= William MacKay (politician) =

Canadian physician

William MacKay (September 11, 1847 - November 8, 1915) was a physician and political figure in Nova Scotia, Canada. He represented Cape Breton County in the Nova Scotia House of Assembly from 1886 to 1890 and from 1894 to 1897 as a Conservative member and sat for Cape Breton division in the Senate of Canada from 1912 to 1915.

==Biography==
William MacKay was born on 11 September 1847 in Earltown, Nova Scotia to parents John and Dolina MacKay. His father immigrated Nova Scotia from Scotland in the 1820s and erected Earltown's first grist mill. William MacKay received his early education in Truro, subsequently attending the Bellevue Hospital Medical College in New York where he earned a Doctor of Medicine on 10 November 1873. After graduating from the college, MacKay practiced medicine with his brother in Cape Breton, before being appointed as the resident physician for three local collieries in May 1874. While working at colliers, MacKay developed a system of quarantining infectious diseases in mining districts which was eventually used across Cape Breton County. MacKay twice served as the president of the Cape Breton Medical Society, and was the president of the Medical Society of Nova Scotia in 1887 and 1888.
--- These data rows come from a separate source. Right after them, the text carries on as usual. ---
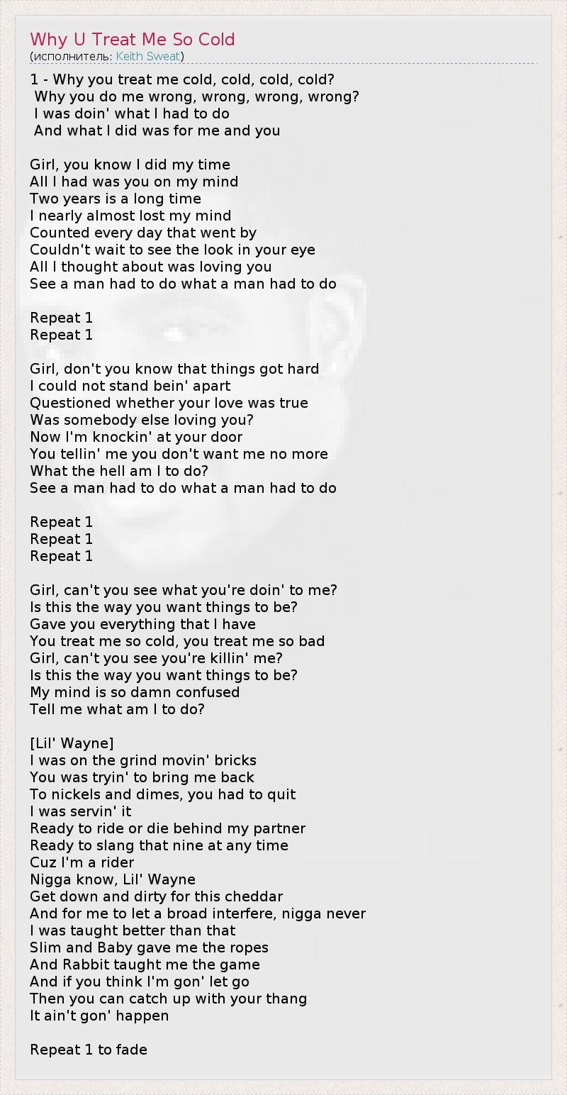 1 - Why you treat me cold, cold, cold, cold? Why you do me wrong, wrong, wrong, wrong? I was doin' what I had to do And what I did was for me and you Girl, you know I did my time All I had was you on my mind Two years is a long time I nearly almost lost my mind Counted every day that went by Couldn't wait to see the look in your eye All I thought about was loving you See a man had to do what a man had to do Repeat 1 Repeat 1 Girl, don't you know that things got hard I could not stand bein' apart Questioned whether your love was true Was somebody else loving you? Now I'm knockin' at your door You tellin' me you don't want me no more What the hell am I to do? See a man had to do what a man had to do Repeat 1 Repeat 1 Repeat 1 Girl, can't you see what you're doin' to me? Is this the way you want things to be? Gave you everything that I have You treat me so cold, you treat me so bad Girl, can't you see you're killin' me? Is this the way you want things to be? My mind is so damn confused Tell me what am I to do? [Lil' Wayne] I was on the grind movin' bricks You was tryin' to bring me back To nickels and dimes, you had to quit I was servin' it Ready to ride or die behind my partner Ready to slang that nine at any time Cuz I'm a rider Nigga know, Lil' Wayne Get down and dirty for this cheddar And for me to let a broad interfere, nigga never I was taught better than that Slim and Baby gave me the ropes And Rabbit taught me the game And if you think I'm gon' let go Then you can catch up with your thang It ain't gon' happen Repeat 1 to fade
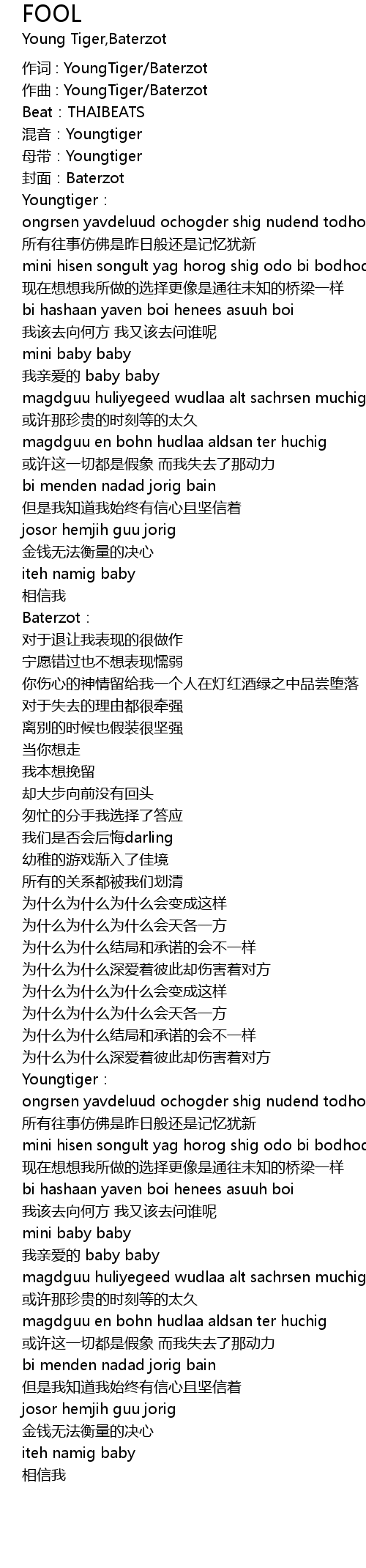 | Album | FOOL (YoungTiger FT. Baterzot)Prod By Tiger |
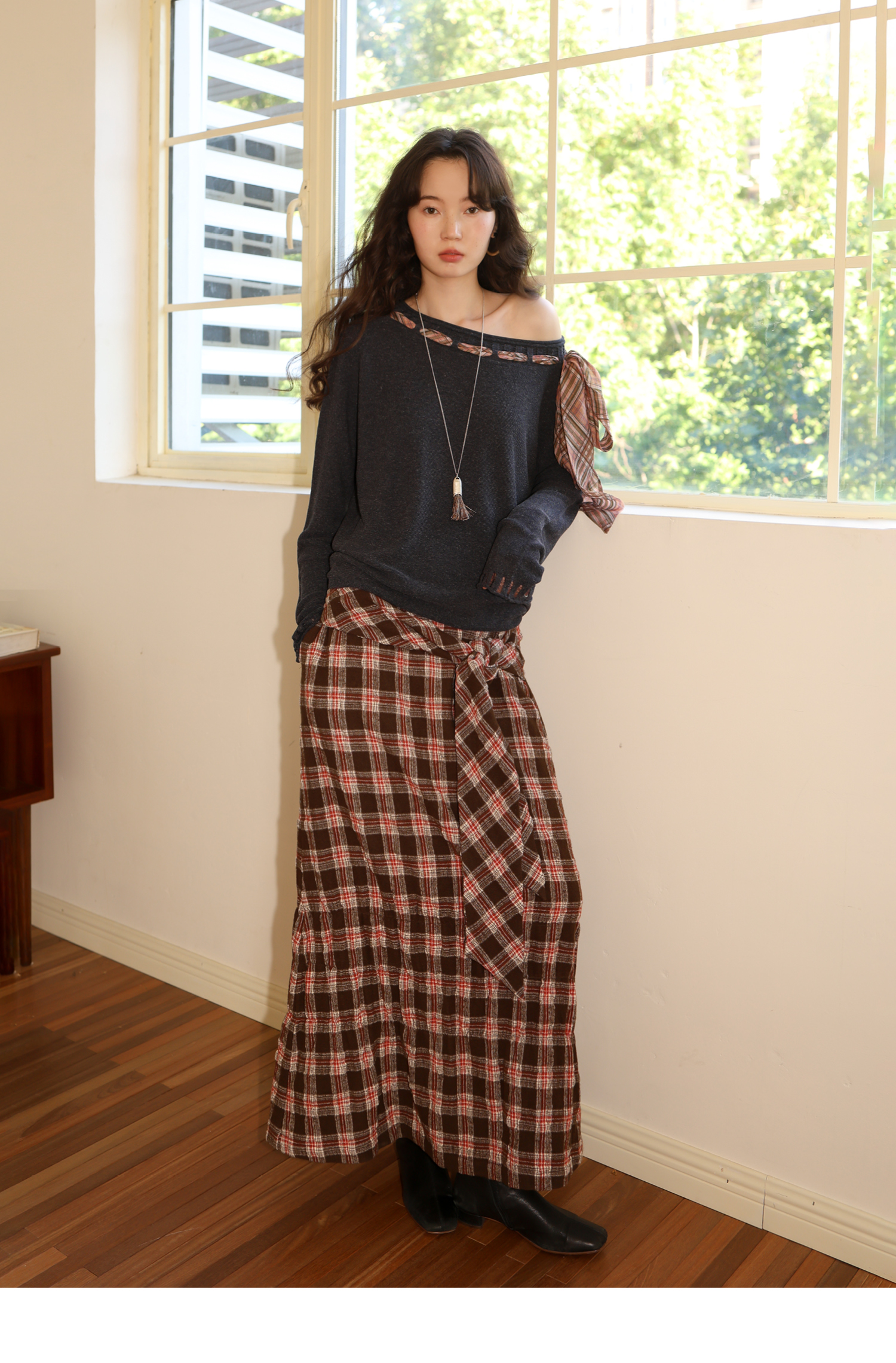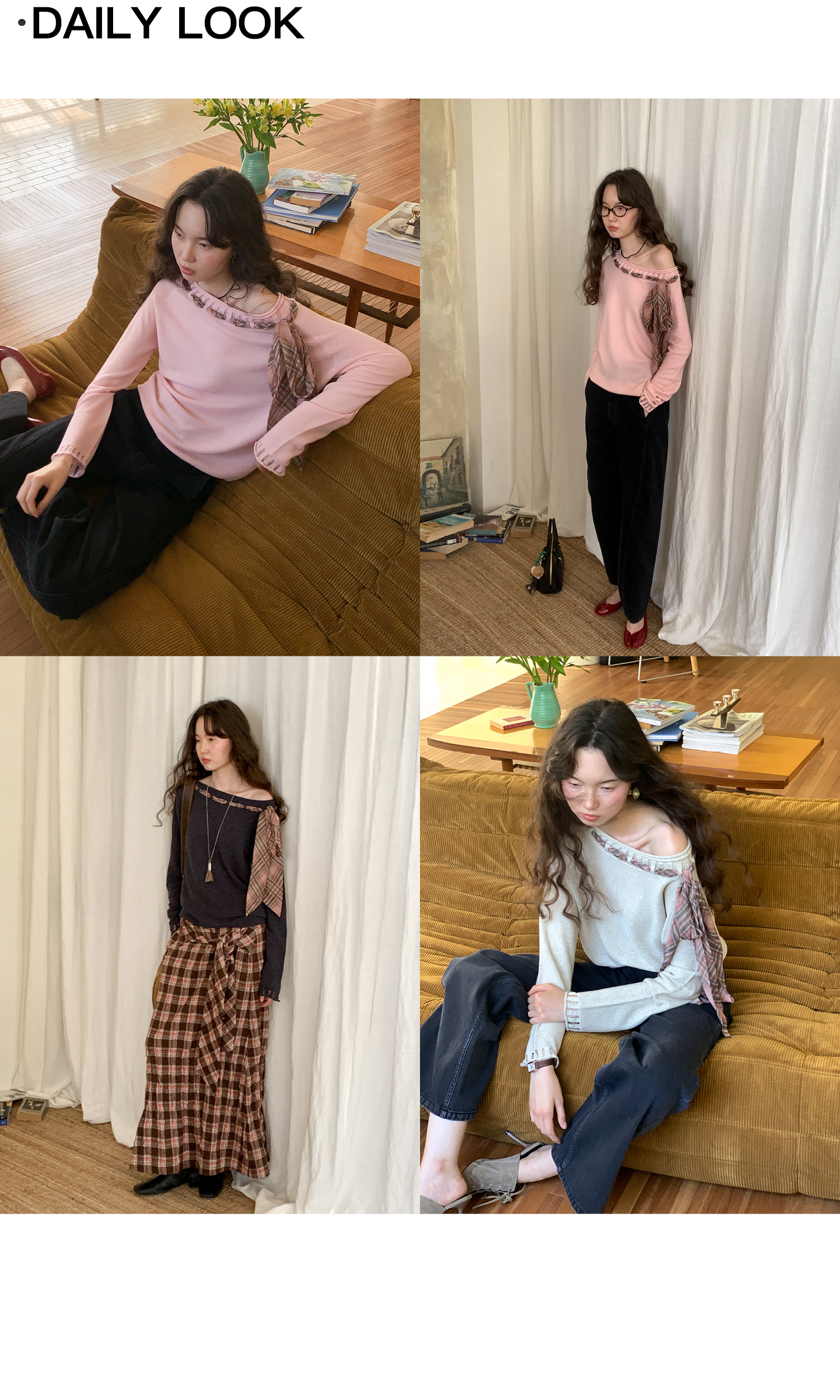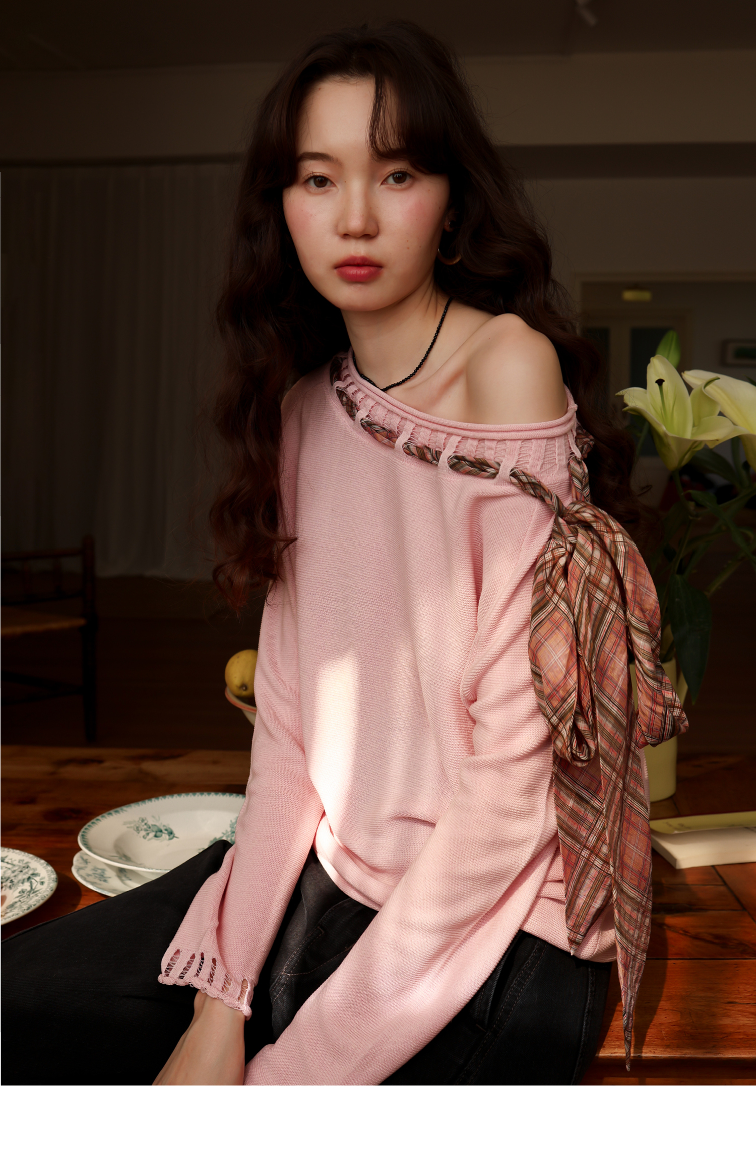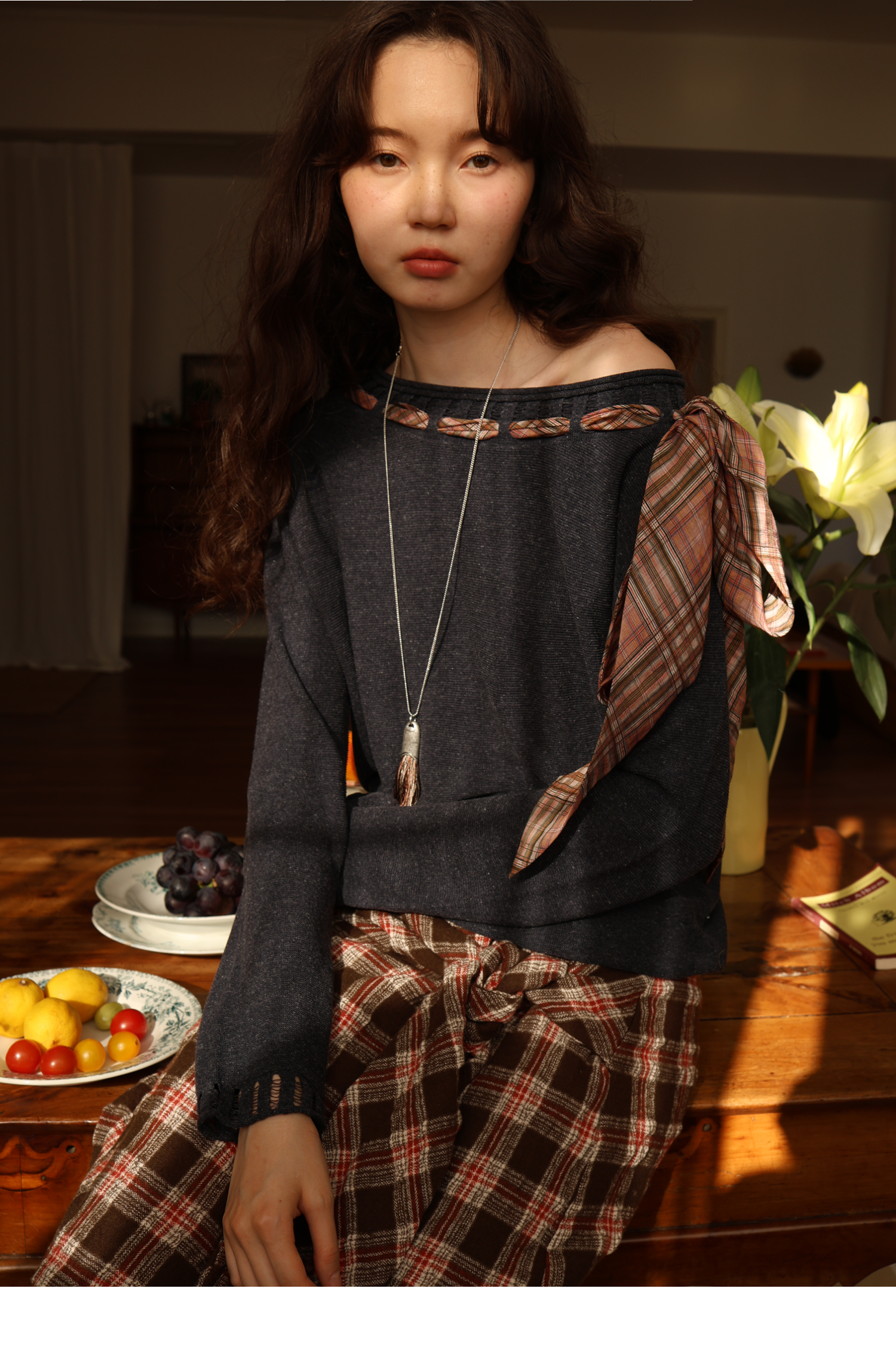 素舶 双层卷边斜肩一字领镂空针织亚麻肌理格纹丝带长袖套衫
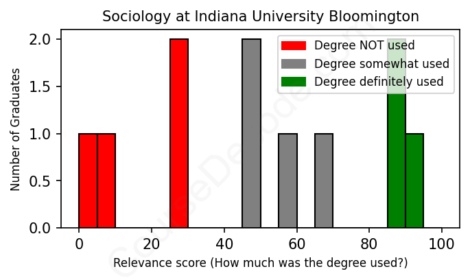 The verdict? Significantly below average. Overall, with an average relevance score of 49%, Sociology graduates from Indiana University Bloomington have a much lower likelihood (-18%) of finding work in this field compared to the average graduate across all fields:
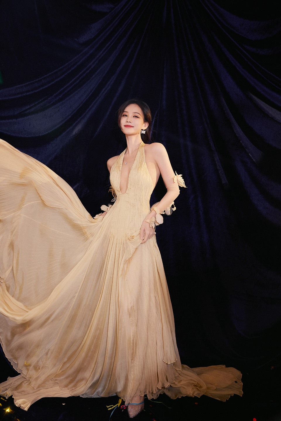 李一桐柔霧黃褶皺拖地長(cháng)裙 自信上場(chǎng)從容待發(fā)
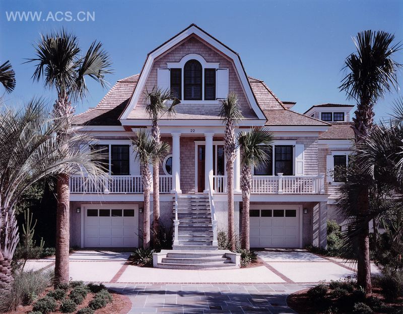 带有复折式屋顶的帕拉迪奥式窗户让位于内陆水路上的海滨房屋的街道。外观
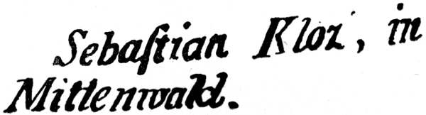 KLOTZ, MATHIAS, 1653-1745. Worked for about twenty years in Mittenwald, during which period he produced instruments of an unsatisfactory nature. He appears to have been aware of this, and with the object of increasing his knowledge, he undertook a journey to Florence and Cremona and other centres of violin industry. With his newly-acquired experience he returned to his native place and established himself in rather a large way.
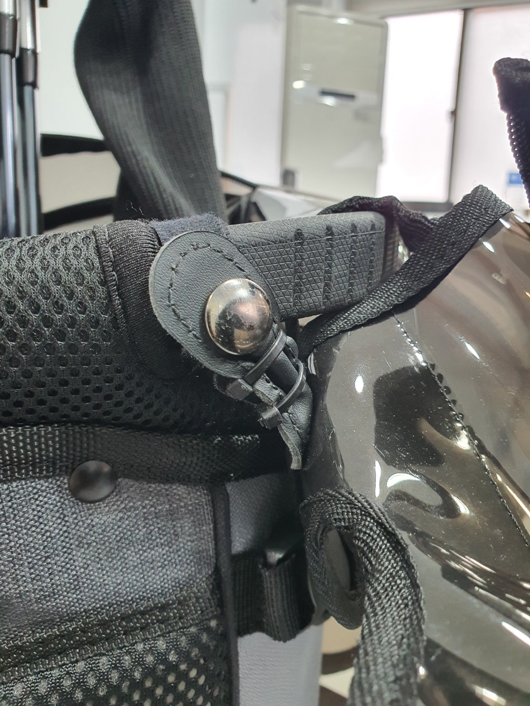 전선정리용 찍찍이 + 케이블타이 (찍찍이를 손잡이에 감아서 떼고 붙힘)
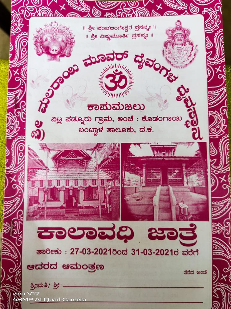 ಶ್ರೀ ಮಲರಾಯಿ ಮೂವರ್ ದೈವಂಗಳ ದೈವಸ್ಥಾನ ಕಾಪುಮಜಲು ವಿಟ್ಲ ಪಡ್ನೂರು, ಕೊಡಂಗಾಯಿ ಇಲ್ಲಿ ಮಾರ್ಚ್ 27 ರಿಂದ ಮಾರ್ಚ್ 31 ವರೆಗೆ ಕಾಲಾವಧಿ ಜಾತ್ರೆ-ಕಹಳೆ ನ್ಯೂಸ್
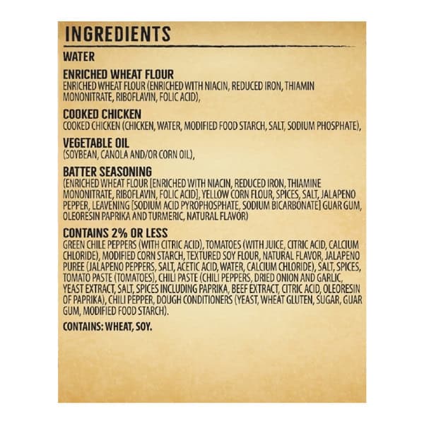 Water Enriched Wheat Flour Enriched Wheat Flour (enriched With Niacin, Reduced Iron, Thiamin Mononitrate, Riboflavin, Folic Acid), Cooked Chicken Cooked Chicken (chicken, Water, Modified Food Starch, Salt, Sodium Phosphate), Vegetable Oil (soybean, Canola And/or Corn Oil), Batter Seasoning (enriched Wheat Flour (enriched With Niacin, Reduced Iron, Thiamine Mononitrate, Riboflavin, Folic Acid), Yellow Corn Flour, Spices, Salt, Jalapeno Pepper, Leavening (sodium Acid Pyrophosphate, Sodium Bicarbonate) Guargum, Oleoresin Paprika And Turmeric, Natural Flavor) Contains 2% Or Less Green Chile Peppers (with Citric Acid), Tomatoes (with Juice, Citric Acid, Calcium Chloride), Modified Corn Starch, Textured Soy Flour, Natural Flavor, Jalapeno Puree (jalapeno Peppers, Salt, Acetic Acid, Water, Calcium Chloride), Salt , Spices, Tomato Paste (tomatoes), Chili Paste (chili Peppers, Dried Onion And Garlic, Yeast Extract, Salt, Spices Including Paprika, Beef Extract, Citric Acid, Oleoresin Of Paprika), Chili Pepper, Dough Conditioners (yeast, Wheat Gluten, Sugar, Guar Gum, Modified Food Starch).
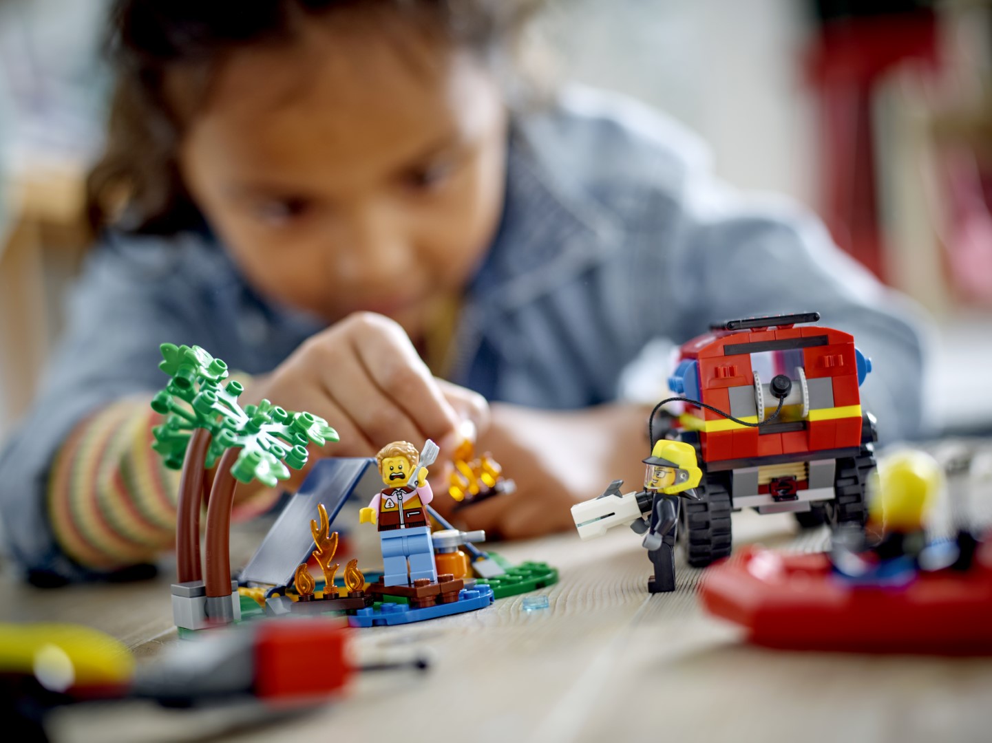 Selle LEGO® City komplektiga, mis sisaldab 4x4 tuletõrjeauto mänguasja, päästepaati ja telki, lisaks matkaja ja tuletõrjuja minifiguuri, ootavad sind tuletõrjeseiklused.

MacKay was elected as a Conservative member of the Nova Scotia House of Assembly in 1886. Together with Edward Farrell, MacKay wrote and introduced the Public Health Act of 1888, an act which established local health boards and established regulations on medical quarantine and sanitation. MacKay lost his seat in the 1890 election, but was re-elected in 1894. He lost his seat again in 1897, and ran unsuccessfully in the 1904 election. He was appointed to the Senate on 20 November 1912.

MacKay was married to Catherine Campbell Sutherland, with whom he had three children. He died on 8 November 1915 in Reserve Mines.